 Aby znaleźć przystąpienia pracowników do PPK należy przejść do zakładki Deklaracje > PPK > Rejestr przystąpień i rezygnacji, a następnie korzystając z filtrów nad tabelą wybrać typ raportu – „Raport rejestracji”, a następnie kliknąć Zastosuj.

* * * * * * * * *

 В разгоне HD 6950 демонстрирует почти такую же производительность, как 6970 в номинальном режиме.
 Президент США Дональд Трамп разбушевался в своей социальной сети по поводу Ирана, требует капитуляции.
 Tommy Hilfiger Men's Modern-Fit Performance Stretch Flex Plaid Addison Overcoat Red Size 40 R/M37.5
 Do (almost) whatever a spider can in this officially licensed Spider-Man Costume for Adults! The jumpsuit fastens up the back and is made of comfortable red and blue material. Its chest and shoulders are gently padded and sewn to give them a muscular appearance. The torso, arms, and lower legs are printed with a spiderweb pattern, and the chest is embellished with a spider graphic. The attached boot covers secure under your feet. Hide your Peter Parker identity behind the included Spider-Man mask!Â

* * * * * * * * *

BRIEF>
Above are some records; copy exactly the lines from the one with "В разгоне HD" through the one with "Tommy Hilfiger Men's", both included, and no others.

EXERCISE ANSWER>
 В разгоне HD 6950 демонстрирует почти такую же производительность, как 6970 в номинальном режиме.
 Президент США Дональд Трамп разбушевался в своей социальной сети по поводу Ирана, требует капитуляции.
 Tommy Hilfiger Men's Modern-Fit Performance Stretch Flex Plaid Addison Overcoat Red Size 40 R/M37.5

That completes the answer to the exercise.